The ID card in Estonia



The director of the strategy of the Estonian telecom provaylera Elion and one of project managers on creation of the ID card in Estonia Oleg Shvaykovsky tells (2012):

"Estonia is the small country, in it there live 1.3 million people, and a total quantity of the issued ID cards — about 1.1 million. It is very high level of penetration — no doubt, the highest in the world. And it is the longest project — it is ten years old. By the number of electronic signatures per capita Estonia absolutely precisely on the first place in the world, under the number of acts of identification on the Internet per capita — too".

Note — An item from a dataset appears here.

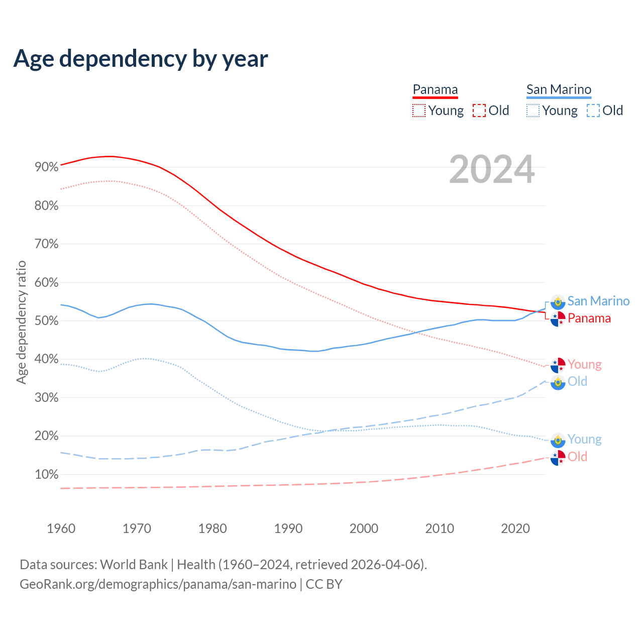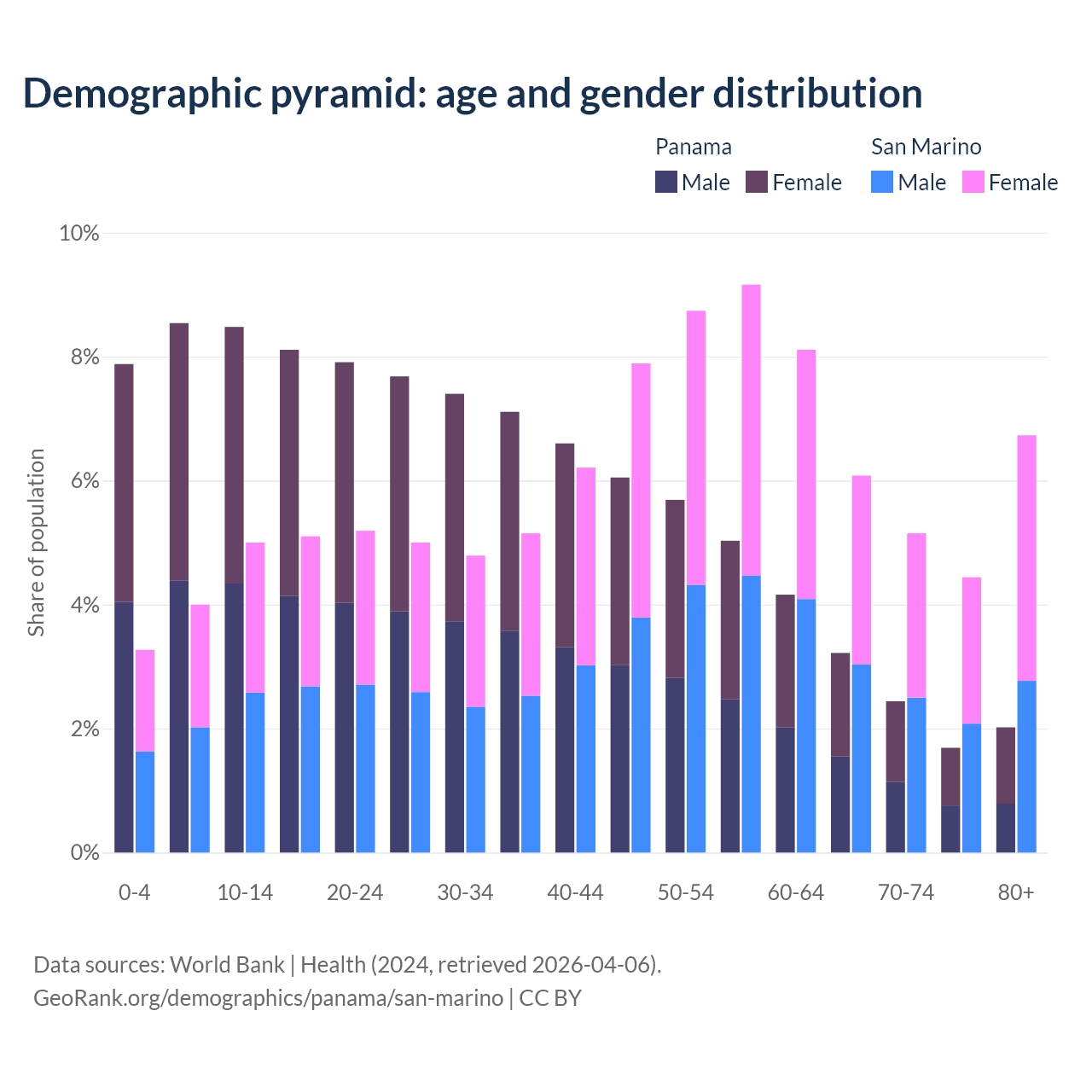 - Panama is ranked 94/196 by median age (oldest to youngest) vs 3/196 for San Marino.

Certainly, at two projects — Estonian and Russian (UEC) — absolutely different scale and the level of development of technologies in ten years significantly changed. But the most important distinction as Oleg Shvaykovsky considers — architectural. The Estonian ID card is not multifunction, it only the identity certificate — physical and electronic. As the physical document it is valid within the European Union and also in Norway, Iceland and Switzerland which are not the members of the EU, but enter the Schengen area (for trips to other countries the passport is necessary), in network provides electronic identification of two types — normal and using the electronic digital signature (EDS). Respectively the built-in chip contains the duplicate of the personal data of the owner printed on the card, two identification applications and necessary keys and certificates. At cards of new generation in addition there are still biometric data of the holder. And all this: it is more than any information neither printed, nor coded, on the Estonian ID card is not present.

It is also not necessary. The fact that the ID card is not either the bank card, or the policy of health insurance does not prevent to use it for access to banking or medical services at all. "Having shown" it to the computer or the terminal (for what the card needs to be inserted into the reader and to enter the PIN code), it is possible to come into Internet bank: the authentication system will check data of the client and will open access to its accounts. In the same way the patient will insert the card into the reader in an office of the doctor to open for him access to own clinical record which is stored in the medical database. (Usually this information can be obtained only with the consent of the patient as is his personal secret, but in force majeure — for example when the unconscious patient and it is necessary to help urgently him — the doctor can request necessary data without PIN code.)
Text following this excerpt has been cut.